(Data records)
——

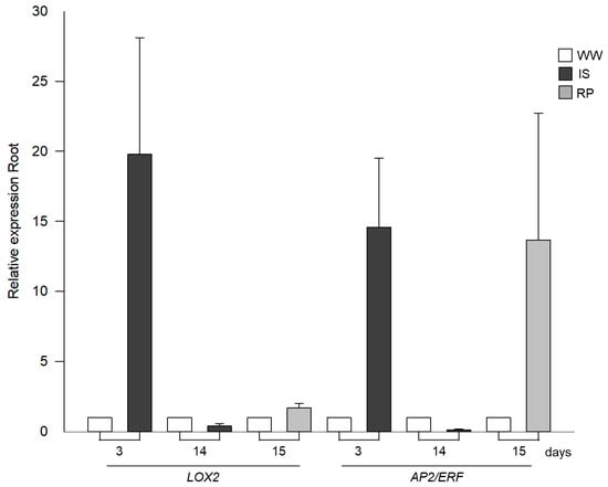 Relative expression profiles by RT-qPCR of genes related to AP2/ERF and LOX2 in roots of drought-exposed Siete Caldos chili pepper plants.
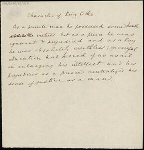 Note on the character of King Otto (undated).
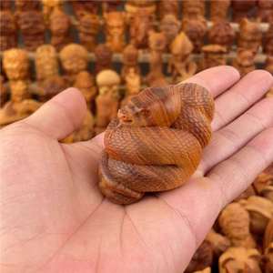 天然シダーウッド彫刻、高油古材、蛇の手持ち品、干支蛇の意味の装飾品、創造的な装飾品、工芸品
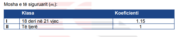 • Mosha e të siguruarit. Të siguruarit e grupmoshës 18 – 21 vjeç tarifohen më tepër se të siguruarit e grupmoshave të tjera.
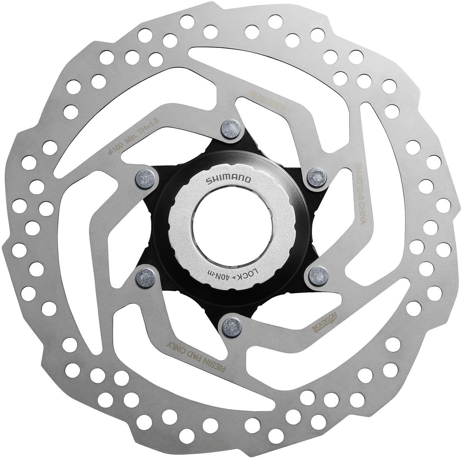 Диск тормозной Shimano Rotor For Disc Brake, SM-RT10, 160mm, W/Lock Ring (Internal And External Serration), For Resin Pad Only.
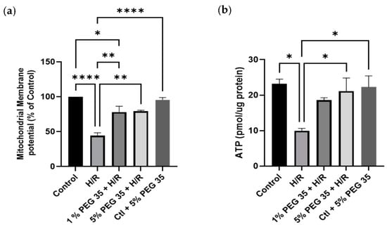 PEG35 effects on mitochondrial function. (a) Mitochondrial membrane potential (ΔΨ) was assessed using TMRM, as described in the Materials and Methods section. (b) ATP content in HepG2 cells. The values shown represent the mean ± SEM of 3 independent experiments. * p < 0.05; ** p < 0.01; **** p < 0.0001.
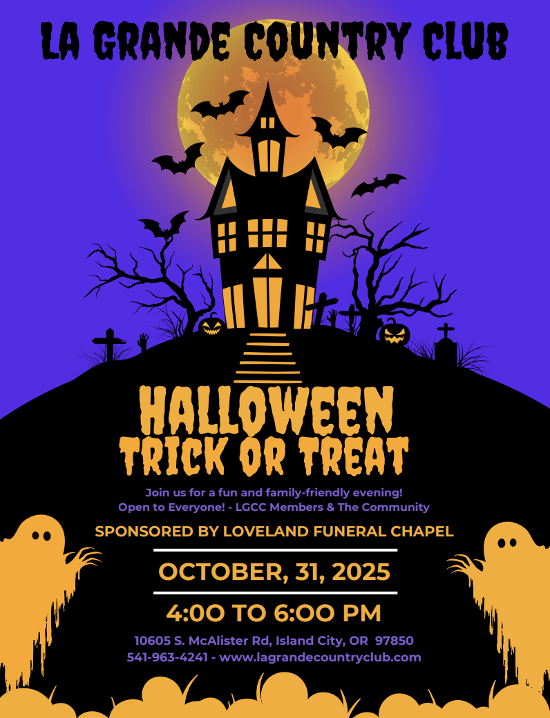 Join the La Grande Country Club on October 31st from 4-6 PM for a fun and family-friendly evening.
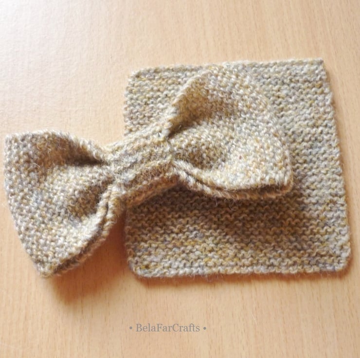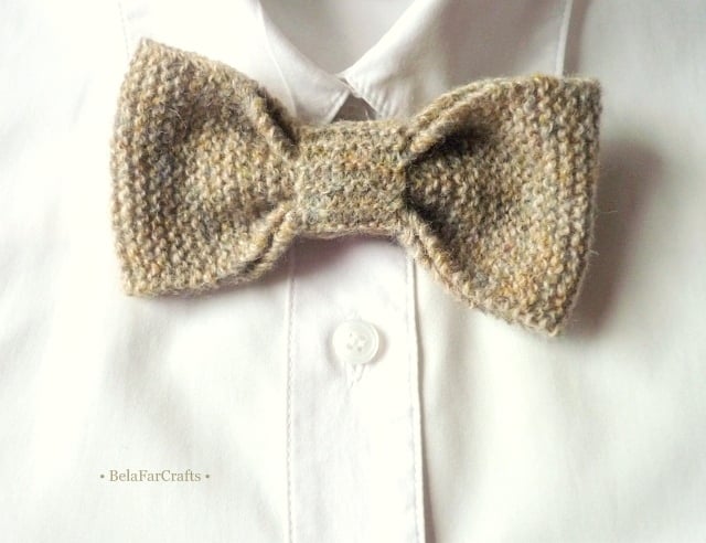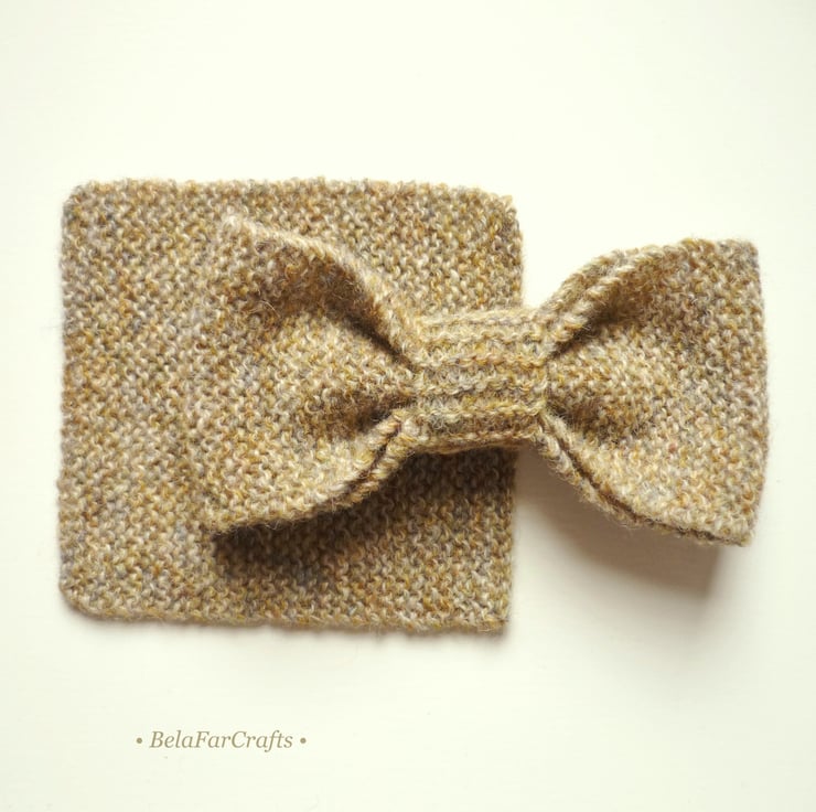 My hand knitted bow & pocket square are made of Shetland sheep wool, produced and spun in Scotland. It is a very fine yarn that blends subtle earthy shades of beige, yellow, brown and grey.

——

## Exercise brief:
Each of the entries above must be output exactly, with none of the pictures.

## Completed task:
 Relative expression profiles by RT-qPCR of genes related to AP2/ERF and LOX2 in roots of drought-exposed Siete Caldos chili pepper plants.
 Note on the character of King Otto (undated).
 天然シダーウッド彫刻、高油古材、蛇の手持ち品、干支蛇の意味の装飾品、創造的な装飾品、工芸品
 • Mosha e të siguruarit. Të siguruarit e grupmoshës 18 – 21 vjeç tarifohen më tepër se të siguruarit e grupmoshave të tjera.
 Диск тормозной Shimano Rotor For Disc Brake, SM-RT10, 160mm, W/Lock Ring (Internal And External Serration), For Resin Pad Only.
 PEG35 effects on mitochondrial function. (a) Mitochondrial membrane potential (ΔΨ) was assessed using TMRM, as described in the Materials and Methods section. (b) ATP content in HepG2 cells. The values shown represent the mean ± SEM of 3 independent experiments. * p < 0.05; ** p < 0.01; **** p < 0.0001.
 Join the La Grande Country Club on October 31st from 4-6 PM for a fun and family-friendly evening.
 My hand knitted bow & pocket square are made of Shetland sheep wool, produced and spun in Scotland. It is a very fine yarn that blends subtle earthy shades of beige, yellow, brown and grey.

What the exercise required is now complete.